One of the weirder things surrounding the ongoing hubbub about alleged Chinese electoral interference is thatit’s not really based on any new information. It’s been known since 2016 that Chinese businessmen were throwing money at the Trudeau Foundation in an apparent attempt to influence-peddle the prime minister. And for the last 12 months there’s been no shortage of reports showing that Liberal campaigns in the 2021 election were receiving in-kind support with uncomfortably close ties to the Chinese consulate. But the reason the allegations are suddenly hitting hard this time around is due to a series of leaks from CSIS reporting that Prime Minister Justin Trudeau was repeatedly briefed on Chinese interference operations, but didn’t do anything about it.
On Friday, one of those CSIS leakers broke their silence, although they’re still not revealing their name due to the risk that they could face criminal prosecution. In an op-ed for the Globe and Mail credited to a “national security official,” the leaker said they went public only after years of frustration at seeing “evidence of senior public officials ignoring interference.” The official also urged Canadians to calm down about what it all means. “I do not believe that foreign interference dictated the present composition of our federal government. Nor do I believe that any of our elected leaders is a traitor to our country,” they wrote.

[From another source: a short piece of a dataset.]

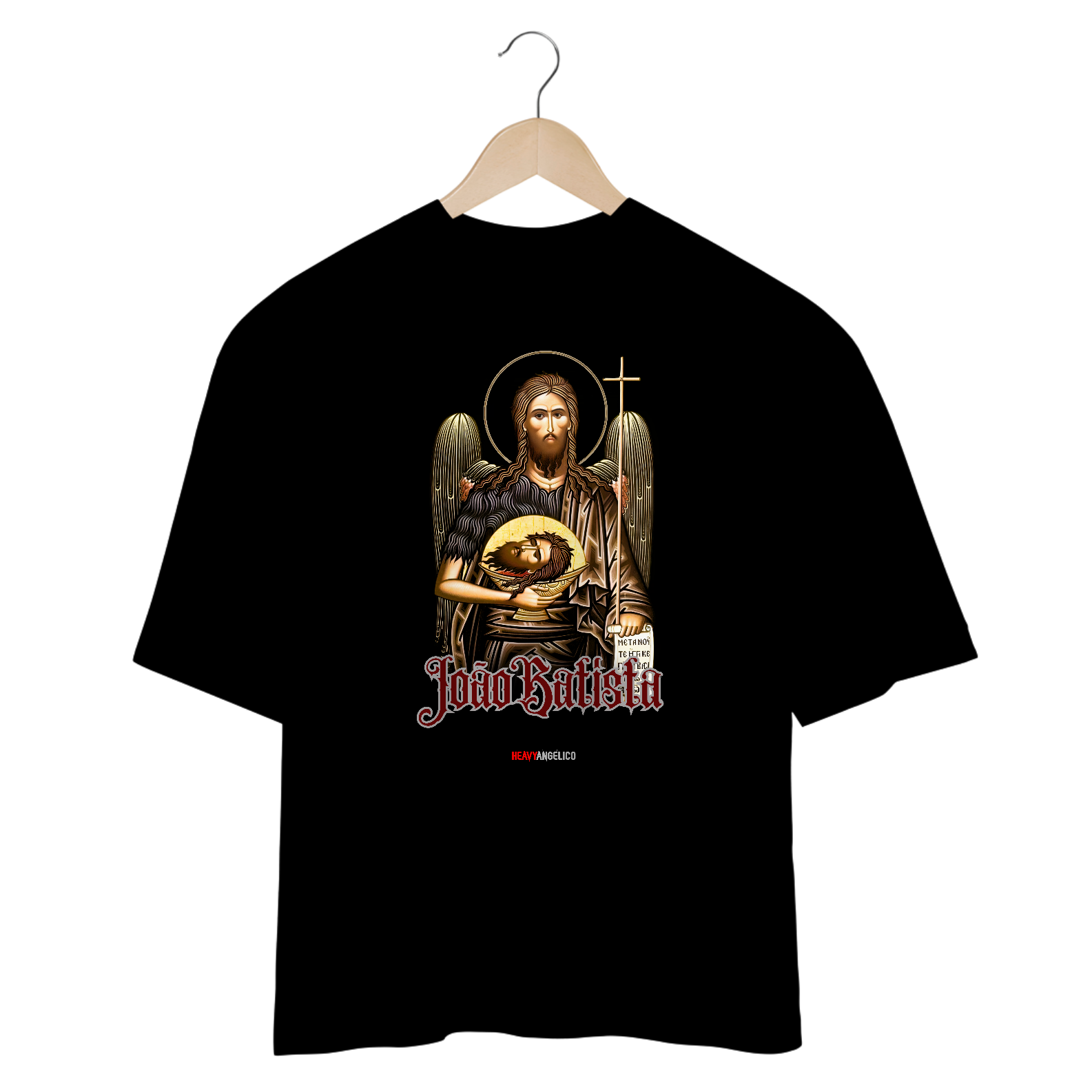 Vista sua fé com atitude e impacto! Esta estampa poderosa da HeavyAngélico retrata João Batista segurando sua própria cabeça no prato – uma simbologia marcante de sua missão cumprida e sua recompensa eterna ao lado de Jesus. Mais do que uma camisa, é uma declaração: viver para o propósito de Deus é um chamado que transcende até mesmo o sacrifício.

As we’ve mentioned, the Supreme Court of Canada is down a judge after Russell Brown was allegedly caught up in a series of drunken shenanigans at an Arizona resort. This is bad news if you like pipelines. The Supreme Court is soon set to consider a Government of Alberta challenge to Bill C-69, a piece of 2019 legislation that broadens the criteria by which a resource project (such as a pipeline) can be rejected. It was already a long shot that Alberta could get C-69 quashed by the Supreme Court, but it’s now extra unlikely given that Brown was considered to be one of the court’s more reliably pro-Alberta votes.